Projections for job losses in Nottingham and Nottinghamshire are just under 15,000. Coming from PriceWaterhouseCoopers, the suggestion must be that they estimate the loss of demand to dwarf any gains that might be won from a lower effective lending rates from banks to business.

David Cameron is asserting that unemployment will fall and not rise so it all seems a bit odd and in many ways, the best thing the opposition can do now is to pin down the exact expectations of ministers about the impact of their policies.

However, protest movements will start to develop and the public may choose to express their frustration in next May's elections, or at budget setting meetings in the New Year.

Nottinghamshire County Council have been consulting on a quite vicious budget for some time and Nottinghamshire MP Ken Clarke has said that charities will have to take cuts - somewhat in contradiction to George Osborne's appeal for councils not to and to David Cameron's gloss of the Big society.

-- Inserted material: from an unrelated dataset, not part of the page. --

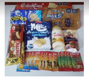 Combo confeccionado con: 2 paquetes de galletas rellenas de 12 unidades cada una,1 paquete de galletas de leche o mantequilla de 8 unidades, 1 paquete de galletas forradas de chocolate y rellenas de malvaviscos de 10 unidades, 1 paquete de galletas de sal de 7 unidades, 1 mayonesa de 200g y otra de 500g además de 15 refrescos instantáneos de 2L de varios sabores. Con todo esto puede cubrir casi la totalidad de las meriendas del mes.

The immediate priority is for people who object to explain why. Alan Johnson has made a public appeal, saying “You’re the expert on your local area, or how your family will be affected, so click here to tell us your better way”.

The decision to hit benefits so hard must be tied in with a belief that the people who will be hit hardest are the silent ones; who don't vote; or don't even register to vote. There are concerns that the city of Nottingham's official population estimate might be 40,000 lower than the numbers registered to use the NHS.)